日本の学校では、無理矢理知りたくないことでも教えてくれる。

それが今は、とてもありがたいです。


歴史上、人類最大規模の世界帝国はモンゴル帝国で、王様はチンギスカン、幾つもの国を戦争で倒し、世界人口の半分以上を支配したと学びました。

その時の先生がチンギスカンを好きだったのか、滅ぼした国や、民族の事を教えてくれましたが、関心がなかったので、憶えていません。


でも、その巨大帝国もやがて分裂し、いくつかの国に分かれて、また戦争をくりかえしています。
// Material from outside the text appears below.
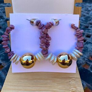Gold-tone metal with gold-tone bauble, lavender, and pearl discs. Post-back closure. Measures approx 2" in diameter.

もしそのとき、わたしがチンギスカンに戦争してもいいですかと、質問されたらどう答えるのだろう。


「おかわりー」


その言葉でわたしは目を開いた、あれほどあったアドバーガーと飲み物が全部消えている。

わたしは、指パッチンをして、もちろん鳴りませんが。

机の上にさらに大量にアドバーガーと、飲み物を用意した。


そして、目を閉じ、考え始めた。

日本が戦争を始めたのは、どんな時だっただろうか。

そのとき、わたしに、戦争してもいいですかって相談をされたら、わたしはどう答えたら良いのでしょうか。


負けて、大変なことになるからやめなさいでしょうか。

でも、負けた後の日本は、立派に立ち直りました。

あのとき、戦争をしていなかったら、もっと豊かな暮らしが出来ていたのでしょうか。


「おかわりー」


はー、もうおかわりー、わたしは、目を開けた。

机の上から、全部消えていた。

良いでしょう、わたしは、机をもう一つ用意して、こっちの机と今出した机に、乗る限界まで、アドバーガーと飲み物を出した。

そして、また目を閉じ考え始めた。


南トランの王様から、もし戦争してもいいですかと質問があったら、どう答えたら良いのでしょうか。

もし、戦争に勝っても、よくなる事ばかりでも無い。

負けたからといって、そこから学び立ち直ることだってある。

むしろ、良くなることだってある。


「おかわりー」


えーー、はやい、はやい、おかしい。

もう一つ机を出して、三つの机に、乗る限界までアドバーガーと飲み物を出した。

今度は、薄めをあけて様子を見ることにしました。


クロちゃんが机の上の、アドバーガーを消しました。

クロちゃんが机の上の、飲み物を消しました。


な、何をやっているんだ。

下の階が騒がしい。


「追加のアドバーガーきましたー」


「あいよー」

「お客さん、お待たせしましたー」

「はい、銀貨一枚だよ」

「照り焼きの注文が多いから、次は照り焼きだけでいいよー」


ま、まさか売っているのか。


「おかわりー」

「つぎは、アドバーガーは照り焼きだけでいいです」


飲み物と照り焼きバーガーを、三つの机一杯に出した。

そして、わたしは、物見台から身を乗り出し、下を見た。

街道沿いにあるこの建物は、今、峠の茶屋の様な感じで、大量のお客さんで賑わっていた。


お客さんが皆笑顔でおいしそうにアドバーガーを食べて、飲み物を飲んでいる。

飲み物は、以外にも水が好評のようだ。

それは、そうだ、その水は、わたしの記憶の中で最もおいしかった、富士の湧水をイメージして出した水なのだ。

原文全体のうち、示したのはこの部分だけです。